Our study had the strength of combining canagliflozin trials to investigate not only the glucose-lowering effect of SGLT2i but also renal outcomes. This is the first study to our knowledge to explore the role of SGLT2i in data-driven diabetes clusters. This study also proposed a new model, ML-ACR, which may potentially promote precision SGLT2i usage if validated. However, there are some limitations to this study. First, we were unable to replicate our models, especially the supervised ML models, in other cohorts due to a lack of availability. Thus, the external validity of the ML-A1C and ML-ACR models was unknown. Second, since C-peptide or insulin values were required for data-driven clustering, we lost more than half of the participants of the CANVAS program when analysing the clinical outcomes. The comparison to identify treatment-by-group differences among four clusters was underpowered in the renal outcome analysis, so the question of whether data-driven clusters responded differently to SGLT2i treatment is yet to be answered. We may need other trials of SGLT2i (e.g.
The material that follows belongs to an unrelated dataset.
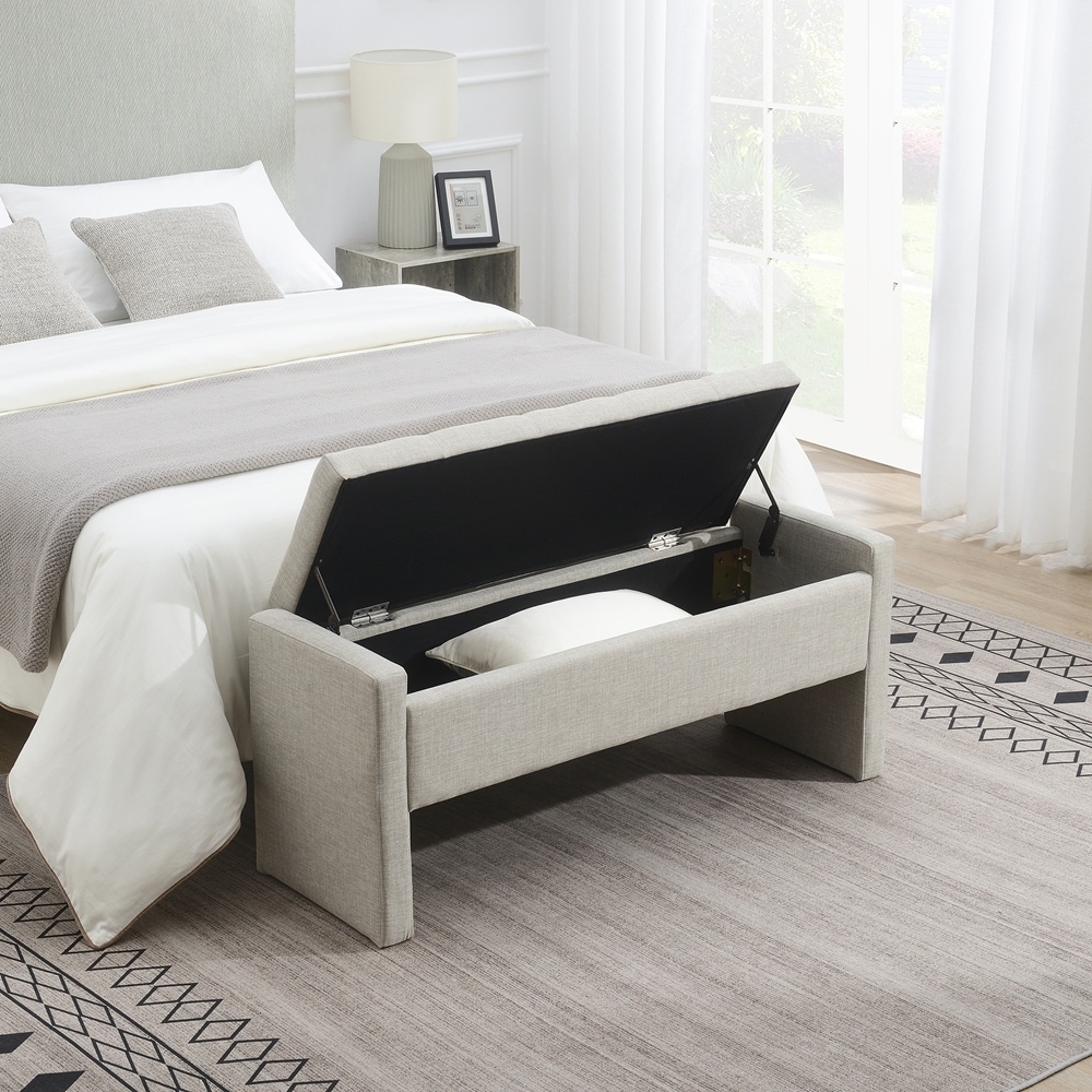 TREXM Farmhouse Upholstered Storage Bench with Hidden Compartment

Empagliflozin Cardiovascular Outcome Event Trial in Type 2 Diabetes Mellitus Patients [EMPA-REG] and Dapagliflozin on the Incidence of Cardiovascular Events [DECLARE]) to enlarge the sample size and replicate our models. In addition, subgroup-specific clinical trials should be implemented to test the effect of SGLT2i among subgroups. Third, we were unable to adjust the results for the effect of diabetes duration due to a lack of information, so we replaced the age-of-onset in the original ANDIS study with age to generate the clusters. Nevertheless, clusters may vary during the disease progression [16], and the randomisation of clinical trials can be regarded as the start of an observation period. Fourth, we were unable to exclude participants who may have had severe autoimmune-related diabetes (SAID) from the analysis due to a lack of GADab information. Since all participants were diagnosed with type 2 diabetes, the proportion of participants with GADab positive may be negligible.

Conclusion

Our data provided exploratory evidence that using an SGLT2i in MOD may improve long-term glycaemic control and that using a DPP4i may achieve a higher glycaemic on-target rate in MARD. Developing supervised learning models for albuminuria progression may help to precisely identify individuals who could benefit from SGLT2i treatment. Further studies with external replication and subtype-specific clinical trials are necessary to build up evidence for guiding clinical decisions on SGLT2i use in precision stratification strategies.